- Trinity Communion Church
- 43°13′07″N 77°36′31″W﻿ / ﻿43.2185°N 77.6086°W
- Address: 759 Winona Boulevard, Irondequoit, New York
- Country: United States
- Denomination: Anglican Church in North America
- Website: trinitycommunion.org

History
- Former name: All Saints Episcopal Church
- Founded: 2004
- Dedication: The Trinity

Architecture
- Style: Gothic Revival
- Completed: 1927

Administration
- Diocese: Christ Our Hope

Clergy
- Rector: Eric Ockrin

= Trinity Communion Church =

Anglican church in Irondequoit, New York, US

Trinity Communion Church (TCC) is an Anglican church in Irondequoit, New York, United States. Founded in 2004 as part of the Charismatic Episcopal Church, the congregation has been part of the Anglican Church in North America (ACNA) since 2024. In 2007, the church acquired its building in Irondequoit, which was built in 1927 for All Saints Episcopal Church. All Saints later left the Episcopal Church during the Anglican realignment, and the building was the subject of a lawsuit by the Episcopal Diocese of Rochester.

==History==
===Church building===
The impetus for a new mission church in Irondequoit came in 1924, and services of the new mission began on All Saints' Day, November 1, 1925, at the Masonic temple. Services were later held at Seneca School. The cornerstone for the building was laid in September 1927 and the building was completed in December of that year. Notable early members included Judge John Van Voorhis.

At the beginning of the 21st century, in protest over the 2003 decision by the Episcopal Church's General Convention to consent to the election of partnered gay cleric Gene Robinson as a bishop, All Saints began withholding its assessments to the Diocese of Rochester.

In November 2005, the diocesan convention voted to dissolve All Saints as a result of the impasse over the $16,000 in unpaid assessments, and Bishop Jack McKelvey ordered the parish to turn over its property to the diocese. All Saints refused to vacate the property. In March 2006, the Episcopal diocese filed suit against All Saints, which had affiliated itself with the Church of Uganda. A state Supreme Court judge ruled in favor of the diocese later that year,

After this ruling, All Saints vacated the building for rented quarters in Rochester and eventually joined the nascent ACNA. Following the departure from the building, the church appealed the ruling, which resulted in the lower court being upheld by the New York Court of Appeals in October 2008. As of 2025, All Saints Anglican Church is part of the Anglican Diocese of the Great Lakes and meets in rented space in Greece, New York.

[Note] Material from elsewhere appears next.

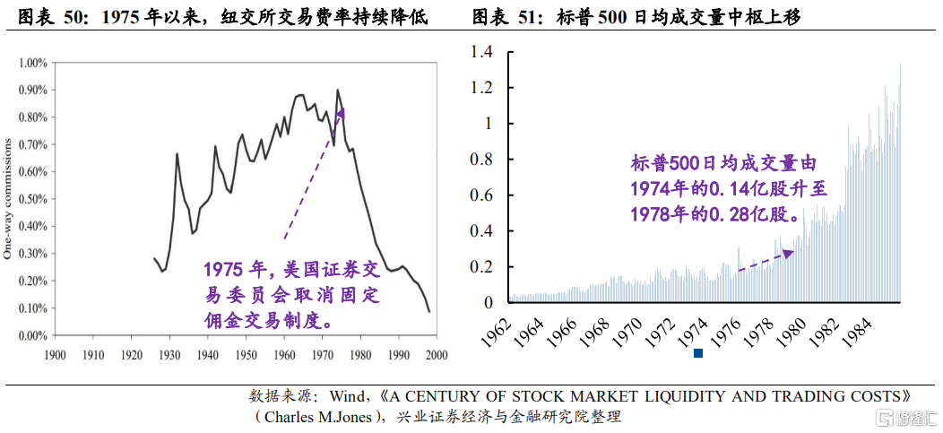 (1)1975年,美国证券交易委员会取消了固定交易佣金制度,开启了允许浮动佣金制度的新时代,据Charles M.Jones 测算,1975年以来,纽交所交易费率从1%一路直线下行至0.1%以下,佣金率的降低在一定程度上刺激了投资者入市,为市场带来了“活水“,标普500成交量由1974年的1400万股中枢上移至1978年的2800万股。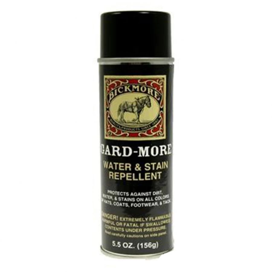 Effective on a variety of items such as hats, jackets, boots, saddles and materials such as suede, smooth leather and fabric, Bickmore’s Gard-More Water & Stain Repellent Aerosol Spray helps prevent damage from perspiration, rain and even grease stains. Gard-More features a light spray that dries quickly and will not change the color, tone or texture of your hat. It protects against scuffing and rub off, so it can be used on other items in your wardrobe. The repellent features no silicone which will not seal pore structure allowing leather, suede and fabric to breathe.

===History of Trinity Communion Church===
Trinity Communion Church was founded by a group of former Presbyterians in 2004 as part of the Charismatic Episcopal Church, which is unaffiliated with the Episcopal Church. It initially met at St. John Fisher University.

In July 2007, TCC purchased the former All Saints building from the Diocese of Rochester for $475,000. Its then-100 members moved into the building in September. In 2009, the church erected a 10 ft papier-mâché pink elephant on its front lawn to attract attention from the surrounding community and draw interest. "You can't ignore a pink elephant, just like you can't ignore God," then-pastor Robert Dalgliesh said.

In 2024, TCC was received into the ACNA's Diocese of Christ Our Hope.

==Architecture==
The main church building has three stories and includes a sanctuary, fellowship hall and youth center. A two-story wing includes church offices, a library and a children's education space.

==Churchmanship==
Trinity Communion Church represents the charismatic tradition within Anglicanism. The congregation offers a quarterly service in Swahili for its contingent of Congolese refugee parishioners, and it hosts a Sudanese congregation.